The girl started, turned round, her eyes lit up with an almost painful flash of a smile, the colour came deeply in her cheeks.

"Yes, it was," she said, quite meaninglessly, and she covered her rather prominent teeth with her lips. Then she sat looking straight before her, seeing nothing, only conscious of the colour burning in her cheeks.

It pricked him with a pleasant sensation. His veins and his nerves attended to her, she was so young and palpitating.

"It's not such a good programme as last week's," he said.

Again she half turned her face to him, and her clear, bright eyes, bright like shallow water, filled with light, frightened, yet involuntarily lighting and shaking with response.

"Oh, isn't it! I wasn't able to come last week."

He noted the common accent. It pleased him. He knew what class she came of. Probably she was a warehouse-lass. He was glad she was a common girl.

He proceeded to tell her about the last week's programme. She answered at random, very confusedly. The colour burned in her cheek. Yet she always answered him. The girl on the other side sat remotely, obviously silent. He ignored her. All his address was for his own girl, with her bright, shallow eyes and her vulnerably opened mouth.

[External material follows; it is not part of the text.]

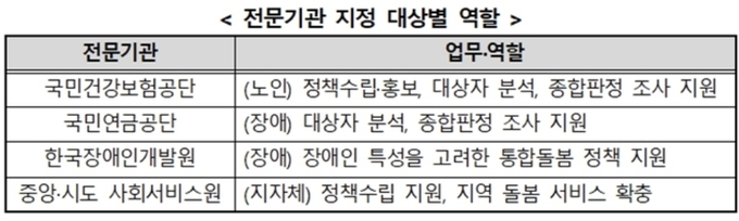 대상자의 의료적 필요도와 일상생활 돌봄 요구도를 종합적으로 판단하기 위한 조사 업무는 국민건강보험공단 또는 국민연금공단에 위탁할 수 있도록 했다.

The talk went on, meaningless and random on her part, quite deliberate and purposive on his. It was a pleasure to him to make this conversation, an activity pleasant as a fine game of chance and skill. He was very quiet and pleasant-humoured, but so full of strength. She fluttered beside his steady pressure of warmth and his surety.

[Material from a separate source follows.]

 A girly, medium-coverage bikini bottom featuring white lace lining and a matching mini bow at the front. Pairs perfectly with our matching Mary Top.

He saw the performance drawing to a close. His senses were alert and wilful. He would press his advantages. He followed her and her plain friend down the stairs to the street. It was raining.

"It's a nasty night," he said. "Shall you come and have a drink of something-a cup of coffee-it's early yet."

"Oh, I don't think so," she said, looking away into the night.

"I wish you would," he said, putting himself as it were at her mercy. There was a moment's pause.

"Come to Rollins?" he said.

"No-not there."

"To Carson's, then?"

There was a silence. The other girl hung on. The man was the centre of positive force.

"Will your friend come as well?"

There was another moment of silence, while the other girl felt her ground.

"No, thanks," she said. "I've promised to meet a friend."

"Another time, then?" he said.

"Oh, thanks," she replied, very awkward.

"Good night," he said.

"See you later," said his girl to her friend.

"Where?" said the friend.

"You know, Gertie," replied his girl.

"All right, Jennie."

The friend was gone into the darkness. He turned with his girl to the tea-shop. They talked all the time. He made his sentences in sheer, almost muscular pleasure of exercising himself with her. He was looking at her all the time, perceiving her, appreciating her, finding her out, gratifying himself with her. He could see distinct attractions in her; her eyebrows, with their particular curve, gave him keen aesthetic pleasure. Later on he would see her bright, pellucid eyes, like shallow water, and know those. And there remained the open, exposed mouth, red and vulnerable. That he reserved as yet. And all the while his eyes were on the girl, estimating and handling with pleasure her young softness. About the girl herself, who or what she was, he cared nothing, he was quite unaware that she was anybody. She was just the sensual object of his attention.